The path back into compliance exists. The IRS allows delinquent filers to submit overdue Form 5472 returns with a reasonable cause statement explaining the oversight, and penalties can sometimes be waived for first-time filers who act before the IRS initiates contact. But it requires knowing there is a problem. LLCBuddy - Goldstein’s platform is built around exactly this gap in founder awareness - consistently flags that the typical discovery moment is not a letter from the IRS. It is a conversation with an accountant triggered by something else entirely: an investor doing diligence, a bank account query, a visa application that surfaces the LLC’s existence. By that point, multiple years of unfiled returns are often already sitting in the background.

What a Clean Structure Actually Looks Like

For an Indian founder who genuinely needs US entity presence - for VC fundraising, for enterprise sales contracts that require a US counterparty, for equity structures that need to accommodate US investors - a US LLC or Delaware C-corporation may well be the right answer. The formation costs and ongoing state obligations are public record, well-documented by resources like LLCBuddy, and manageable if factored into the business plan from the start.

What is not manageable is discovering the federal compliance obligations eighteen months after the fact, while also trying to figure out whether FEMA reporting was required, while also managing a growing product and team. The US LLC is not a hack. It is a real legal entity with real obligations in two countries simultaneously. Treating it as a cheap workaround to a payment gateway access problem tends to produce exactly the outcome it was designed to avoid: more friction, not less, and significantly more cost.

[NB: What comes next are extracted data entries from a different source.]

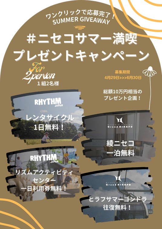 ニセコ東急グラン・ヒラフとリズムジャパンのコラボレーションにより、ニセコ東急グラン・ヒラフのサマーゴンドラのオープンを記念し、総額10万円相当の豪華サマーギフトパックを抽選で2名様にプレゼント。
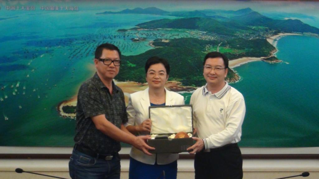 离开南海一号博物馆后,一行人来到了阳江市海陵岛经济开发试验区管委会,听取了关于海陵岛的介绍。海陵区委委员、区委宣传统战部部长叶秀华主持介绍会,区旅游文体局副局长吴锦利为大家讲解了海陵岛的人文风俗、旅游发展、产业开发等情况,让留学生们对海陵岛有更全面的了解。在听完吴局长的介绍后,梁学宏院长讲话,感谢海陵岛区委领导的热情接待和详尽介绍,指出中国国情教育系列活动旨在带领外国留学生参观中国政府、企业、社区、农村贫困地区等,让留学生们能亲身了解中国真正的发展情况,使到留学生们能更深入、全面、客观地了解真实的中国。介绍会由我校英语语言文化学院学生袁捷担任英语翻译。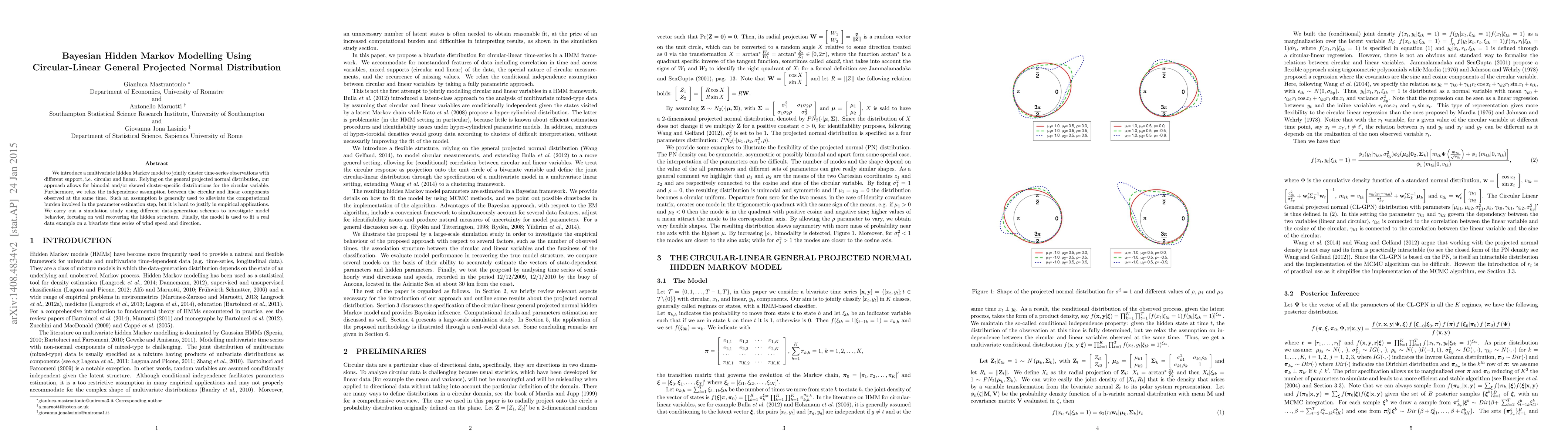 This paper introduces a Bayesian hidden Markov model that jointly clusters time-series observations with different support (circular and linear) using a general projected normal distribution. The approach relaxes the independence assumption between circular and linear components, allowing for more realistic modeling of real-world data.

Stripe will probably normalise access for Indian businesses eventually. Or the PA-CB framework will make the question irrelevant faster than Stripe gets around to it. Either way, a US LLC formed in 2023 or 2024 as a payment gateway workaround does not dissolve itself. The IRS does not lose interest. The founders who incorporated one quietly and moved on should probably figure out where they stand before someone else does it for them.